TASK DIRECTIONS — Work through the listing below and give again exactly the lines from the one with "4、在我的資源---設(shè)備列表,添加??禂z像頭" to the one with "This ceramic coaster, decorated", both ends included. All other lines and all pictures stay out.

======== ENTRIES SHOWN ========

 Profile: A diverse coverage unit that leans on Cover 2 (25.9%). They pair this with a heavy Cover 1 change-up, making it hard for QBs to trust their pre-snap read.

========
======== ENTRIES SHOWN ========

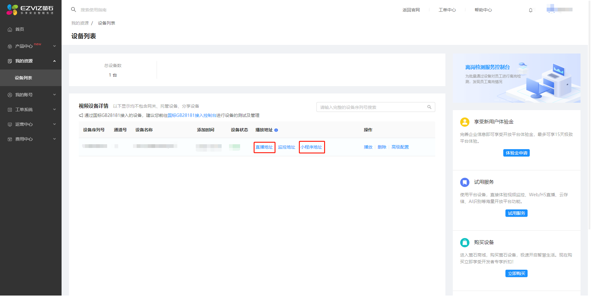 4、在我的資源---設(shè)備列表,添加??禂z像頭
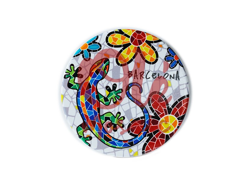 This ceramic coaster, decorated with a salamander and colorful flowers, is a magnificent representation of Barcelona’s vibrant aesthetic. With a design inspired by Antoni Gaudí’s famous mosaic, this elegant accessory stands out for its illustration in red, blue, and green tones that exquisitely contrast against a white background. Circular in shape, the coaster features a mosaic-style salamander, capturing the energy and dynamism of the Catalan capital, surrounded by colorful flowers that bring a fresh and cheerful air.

========

TASK ANSWER —
 4、在我的資源---設(shè)備列表,添加??禂z像頭
 This ceramic coaster, decorated with a salamander and colorful flowers, is a magnificent representation of Barcelona’s vibrant aesthetic. With a design inspired by Antoni Gaudí’s famous mosaic, this elegant accessory stands out for its illustration in red, blue, and green tones that exquisitely contrast against a white background. Circular in shape, the coaster features a mosaic-style salamander, capturing the energy and dynamism of the Catalan capital, surrounded by colorful flowers that bring a fresh and cheerful air.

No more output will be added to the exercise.